# Endurance horses!!!



## kristy (Dec 8, 2006)

I dream of being able to ride on the beach or in a lake!


----------



## sparky (Dec 14, 2006)

That looks like a heap of fun!!!


----------



## Friesian Mirror (Jan 11, 2007)

That looks like so much fun!! Those are some really amazing looking horses!


----------



## Dan (Jan 31, 2007)

Great shot of where 1 of your team are riding on the beach!


----------



## lovesmack (Feb 5, 2007)

mint photos x) are they all arabs?


----------



## Our boyjack (Jan 21, 2007)

Great shots, love to get into this sport, not sure there is anything around the Grafton area?? Do you know??
Thanks


----------



## crackrider (Jan 23, 2007)

> mint photos x) are they all arabs?


Most of them are pure but some of them are anglo.

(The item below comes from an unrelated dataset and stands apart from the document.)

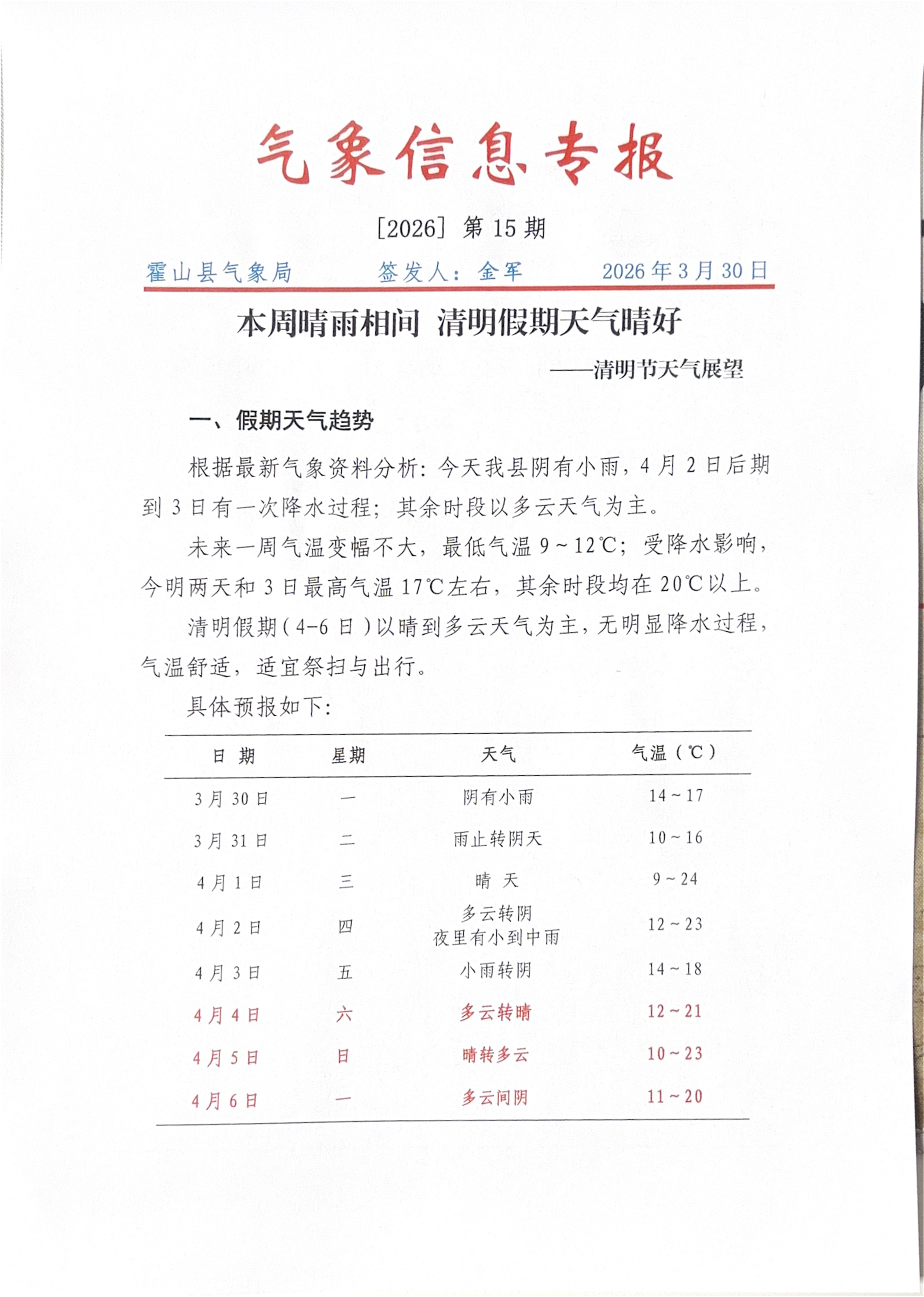 | 内容分类: | 发布公众气象预报 | 发文日期: | 2026-03-30 15:59:03 |

> Great shots, love to get into this sport, not sure there is anything around the Grafton area?? Do you know??
> Thanks


Go to www.nswera.asn.au and go to the ride calendar link

This is the NSW endurance riders assoisiation it will tell you where the rides in NSW are.


----------



## crackrider (Jan 23, 2007)

Our boyjack, If that's not what you're looking for let me know and i'll see what i can find elsewhere.


----------



## Our boyjack (Jan 21, 2007)

Cheers crackrider, I will have a look. Oh how did you get your user name?


----------



## crackrider (Jan 23, 2007)

I thought of my user name ages ago. I was watching some dvd and i heard the word crackrider on it and thought it was a good idea for a user name or something like that.


----------